Stored data =
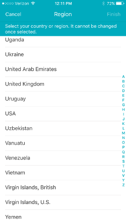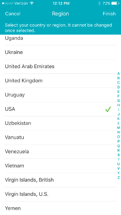 Fill out your desired username, password, and select your country. If you’re in The United States, select ‘America’ across the top, then scroll down to find USA
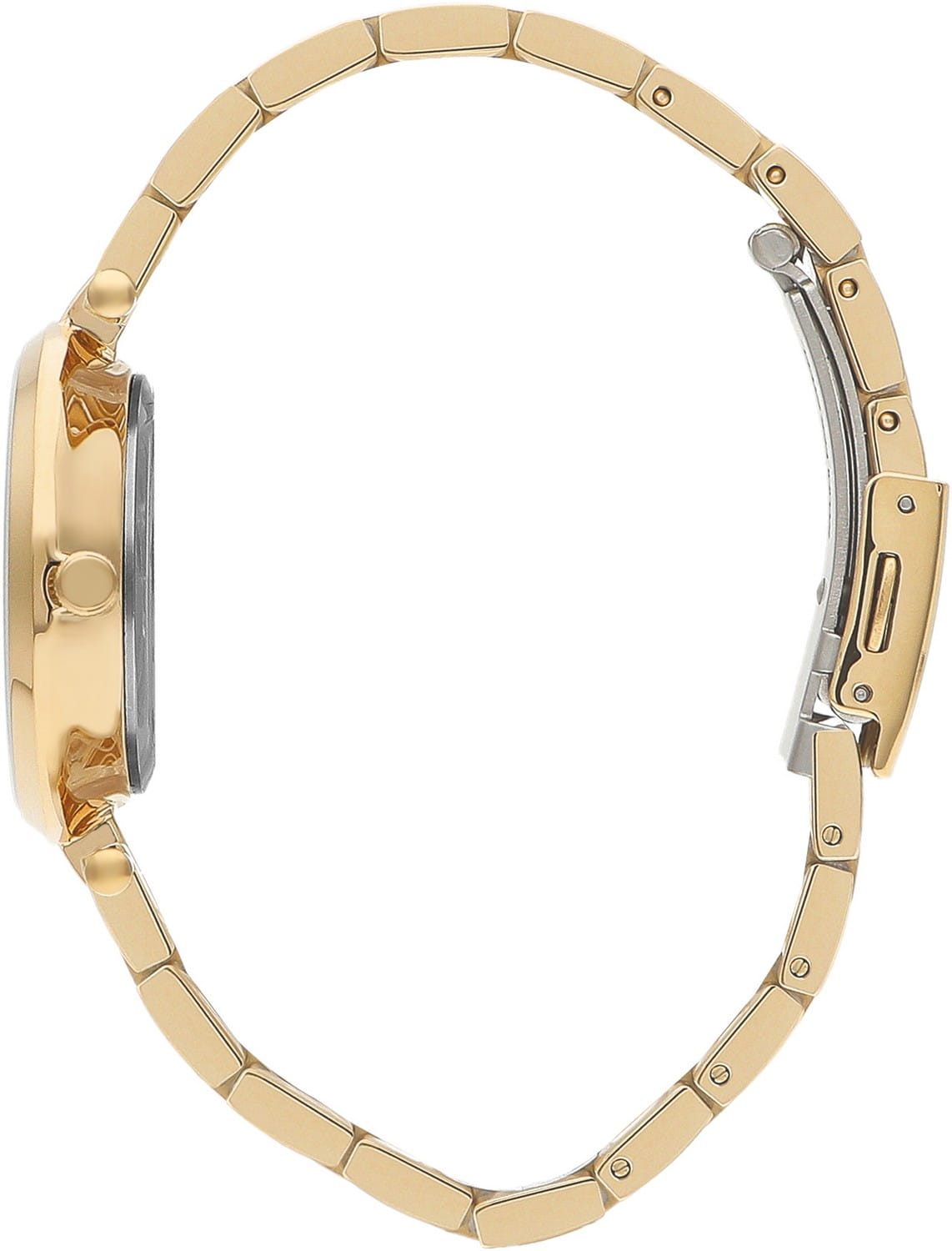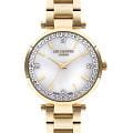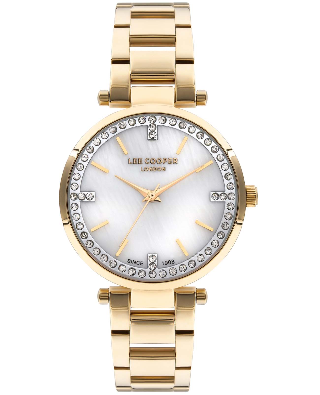 Женские часы Lee Cooper LC07591.120 — это стильное сочетание элегантности и современного дизайна. Круглый корпус диаметром 33 мм выполнен из суперметалла с IP-покрытиемIP-покрытиеМетод ионного напыления. Демонстрирует повышенную устойчивость к истиранию, окислению и химическим веществам. Под воздействием высокого давления и температуры около 1500°C молекулы металла надёжно соединяются с частицами корпуса часов. золотого цвета. Серебристый циферблат инкрустирован цирконами, что придает модели особый блеск и защищен минеральным стекломМинеральное стеклоМинеральное стекло представляет собой искусственно выращенный минерал кварца. Такое стекло отличается особой устойчивостью к повреждениям и царапинам. Уступает по некоторым качествам сапфировому стеклу., обеспечивающим устойчивость к царапинам. Центральные часовая, минутная и секундная стрелки. Часы оснащены надежным кварцевым механизмом, источник питания - батарейка. Металлический браслет с IP-покрытиемIP-покрытиеМетод ионного напыления. Демонстрирует повышенную устойчивость к истиранию, окислению и химическим веществам. Под воздействием высокого давления и температуры около 1500°C молекулы металла надёжно соединяются с частицами корпуса часов. на раскладной застёжкеРаскладная застёжкаТакой тип застёжки используется только на браслетах из металла. Она никогда не раскрывается полностью, происходит разделение на 2 и более частей. Раскладывающая застёжка снизит вероятность потери часов к минимуму. гарантирует комфортную посадку на запястье. Водозащита 30 метров защищает модель от случайных брызг и дождя. Lee Cooper  — отличный выбор для тех, кто ценит утонченность и качество.
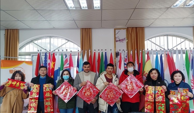 2月9日上午,日本av 领导班子走访慰问春节留校学生,并为国际经济与贸易专业在读留学生送去新春祝福,共度“欢乐年”。
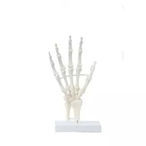 Model szkieletu prawej nogi z kością biodrową - Model ten jest cennym narzędziem do szczegółowego poznawania anatomicznej budowy ludzkiej nogi. - Poszczególne kości szkieletu połączone są ze sobą drutem, dzięki czemu są nieznacznie elastyczne

Task objective = Strip out the pictures and reproduce the remaining material above exactly.

Result for this task =
 Fill out your desired username, password, and select your country. If you’re in The United States, select ‘America’ across the top, then scroll down to find USA
 Женские часы Lee Cooper LC07591.120 — это стильное сочетание элегантности и современного дизайна. Круглый корпус диаметром 33 мм выполнен из суперметалла с IP-покрытиемIP-покрытиеМетод ионного напыления. Демонстрирует повышенную устойчивость к истиранию, окислению и химическим веществам. Под воздействием высокого давления и температуры около 1500°C молекулы металла надёжно соединяются с частицами корпуса часов. золотого цвета. Серебристый циферблат инкрустирован цирконами, что придает модели особый блеск и защищен минеральным стекломМинеральное стеклоМинеральное стекло представляет собой искусственно выращенный минерал кварца. Такое стекло отличается особой устойчивостью к повреждениям и царапинам. Уступает по некоторым качествам сапфировому стеклу., обеспечивающим устойчивость к царапинам. Центральные часовая, минутная и секундная стрелки. Часы оснащены надежным кварцевым механизмом, источник питания - батарейка. Металлический браслет с IP-покрытиемIP-покрытиеМетод ионного напыления. Демонстрирует повышенную устойчивость к истиранию, окислению и химическим веществам. Под воздействием высокого давления и температуры около 1500°C молекулы металла надёжно соединяются с частицами корпуса часов. на раскладной застёжкеРаскладная застёжкаТакой тип застёжки используется только на браслетах из металла. Она никогда не раскрывается полностью, происходит разделение на 2 и более частей. Раскладывающая застёжка снизит вероятность потери часов к минимуму. гарантирует комфортную посадку на запястье. Водозащита 30 метров защищает модель от случайных брызг и дождя. Lee Cooper  — отличный выбор для тех, кто ценит утонченность и качество.
 2月9日上午,日本av 领导班子走访慰问春节留校学生,并为国际经济与贸易专业在读留学生送去新春祝福,共度“欢乐年”。
 Model szkieletu prawej nogi z kością biodrową - Model ten jest cennym narzędziem do szczegółowego poznawania anatomicznej budowy ludzkiej nogi. - Poszczególne kości szkieletu połączone są ze sobą drutem, dzięki czemu są nieznacznie elastyczne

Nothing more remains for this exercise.